The answers lie in your data.

“It is a capital mistake to theorize before one has data. Insensibly, one begins to twist the facts to suit theories, instead of theories to suit facts.”
— Sherlock Holmes


While AI/ML is truly remarkable, to begin to navigate the exponentially growing number of options available requires a level of prudence, experience, and familiarity with your underlying data.

Data as Fuel

“Information is the oil of the 21st century, and analytics is the combustion engine.”
— Peter Sondergaard, SVP, Research at Gartner Inc.

For the machine learning engine, data is the fuel. Just as a race car driver would never fill up with fuel meant for a lawnmower, we should not be training complex models “filled” with low-quality data. We should first look deeply at the volume, tidiness & veracity of the data we have, and only then choose a suitable model that allows us to quantitatively draw insights.


A high-performance Formula 1 (“F1”) race car in action (credit: Zero to 60 Times)

In most cases, training neural networks and other sophisticated models from scratch is like driving an F1 race car to get across your living room.

This is to say that cutting-edge machine learning models can be absolutely wonderful for specific situations in the right setting: you’re in a large enough space with the need for high performance and you have a substantial amount of high-quality fuel (data). But treating this approach as the go-to solution for every problem is often overkill, potentially destructive and ultimately may not even get you where you want to go. In fact, it is imperative to first have the right fuel to even make it past the starting line.

A Framework for Choosing the Right ML Model

Data Readiness: A Spectrum

In BFA’s work with data-driven entities in the developing world, we have identified what we see as a clear opportunity for businesses to reduce costs, in which modern computing technology, statistical methods and ML models play a strong role. We hypothesize that this reduction of cost translates to higher net revenue for the entity. Better-margin business models, higher employment rates and manageable fees on financial services for low-income populations, for instance, can become attainable goals rather than lofty ideals.

We also have seen a spectrum of the quality and quantity of the data fueling these entities’ predictive models, which can at times feel more like minivans or construction cranes than race cars. The current state of each of these organizations — whether a fintech startup, an SME, a financial institution or a financial authority — is distributed along a path to full “data readiness.”

At the entrance to the path lie the strategies for generation and collection of quantitative data: surveying, focus groups, and instrumentation of products. At the other end is the ideal goal of fully-automated machine learning incorporated into operations and directly fed into the decision-making process.

The Insights Engine

The process of data generation and predictive machine learning modeling (“model-building”) must be architected such that it’s iteratively driven by new insights (“learnings”). As a data-driven organization, you would make your way up the “stack,” building on context and experience to produce data-driven hypotheses that inform quantitative features and ML models.

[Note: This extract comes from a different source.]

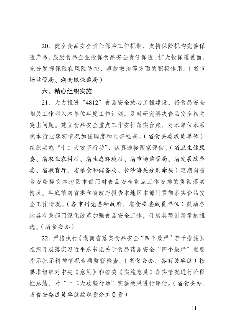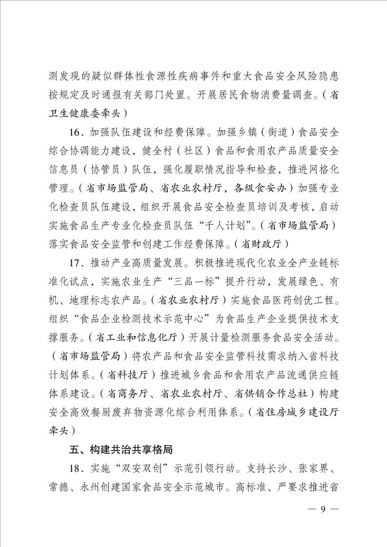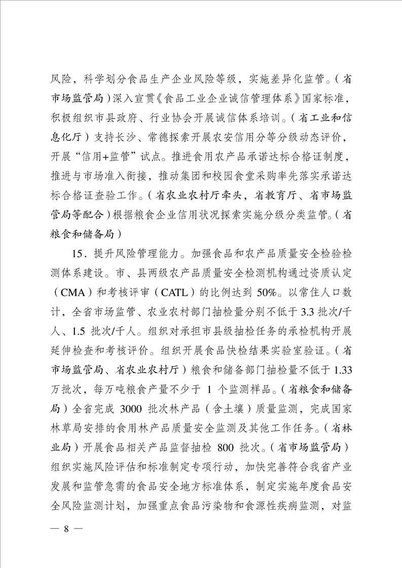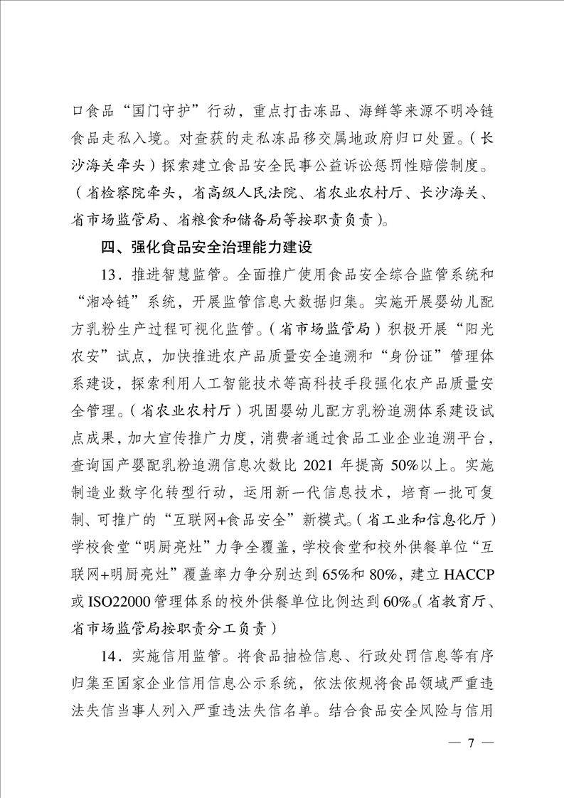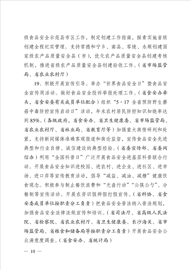 关于印发《湖南省2022年食品安全重点工作安排》的通知

Equally important: You need to make sure to capture the insights produced by the model, feeding these learnings back into a new, deeper understanding of the context to inform the next iteration. Optimization requires not only a foundational understanding of the real-world context but also a feedback mechanism to inform the next iteration.

Illustrating the Engine: A cycle driven by context, data-driven hypotheses, modeling and learnings.

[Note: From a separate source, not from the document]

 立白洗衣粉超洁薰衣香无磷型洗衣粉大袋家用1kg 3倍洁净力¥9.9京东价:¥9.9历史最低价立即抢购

Within this framework, we have begun to develop a sense of which approaches to machine learning might work best for an entity based on its position along the data-readiness spectrum. In the example below, we built on our contextual knowledge of smallholder farming, on WorldCover’s experience and on data generated via surveys during their field research. Only after acquainting ourselves with each of these elements did we begin to explore using this data to build testable hypotheses, extract relevant features and feed them into the ML layer.

Case Study: Applying Predictive Analytics to Sales Lead Conversion

In a recent Catalyst Fund engagement, we partnered with WorldCover to further develop customer relationships and trust around their research on affordable microinsurance drought policies for smallholder farmers’ crops in northern Ghana.

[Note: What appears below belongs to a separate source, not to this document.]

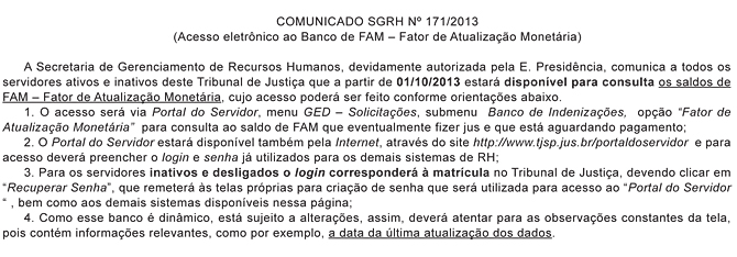 Saiba como ter acesso ao Banco de Fam - Fator de Atualização Monetária

As a follow-up to this engagement, we focused on a quantitative analysis to help WorldCover determine which communities would be best to prioritize for a sales visit, based on historical data from similar communities they had previously visited. In other words, we wanted to predict the most influential factors for a potential customer to move through WorldCover’s lead funnel.

With our investigative hats on, we began by examining their data, the heuristics and hypotheses they had already defined and explored, and the key metrics they hoped to hit.

Photo: An example of a World Cover informational session for smallholder farmers in northern Ghana

Predictive Analytics for the Lead Funnel

Roughly speaking, the lead funnel for smallholder farmer customers consists of:

Our goal was to use any community data available before a visit to prioritize travel, based on the predicted percentage of payment conversions by the community. In other words, given the results of Step 1, how might we predict the results of Step 4? On a high level, these predictors available after Step 1 included: demographic data, weather data, survey data and results from past visits.

As a first pass, we explored linear and logistic regression models, which are two of the simplest predictive ML models around (relative to random forests or neural networks, for instance). The relatively quick implementation and intuitively interpretable results of linear and logistic regression models mean they are often the shortest path to usable insights. These models surfaced which factors have the most predictive power and which ones can be discarded. In this case, the trained model was able to prioritize the communities such that they could be split roughly into “good to visit” vs. “less good to visit.” This initial model, while not necessarily cutting-edge from a technical perspective, was enough to reveal insights into how we could improve the data collection process.

For instance, the model illuminated the fact that the initial data was gathered only from interested farmers after Step 2. However, the data would have been even more useful if it had been collected from all farmers in the community during Step 1. If we had focused first on training a sophisticated model with a longer implementation or less intuitive output, we might have missed out on this somewhat fundamental insight about the real-life data generation process.

“We shape our buildings, thereafter they shape us.”
— Winston Churchill


Armed with this knowledge, the next cycle of visits to farmers will now generate more relevant and timely data. The symbiotic processes of data generation, hypothesis building, ML modeling and extraction of learnings can continue to feed one another in iterative cycles toward an optimal system and more sophisticated modeling techniques as needed.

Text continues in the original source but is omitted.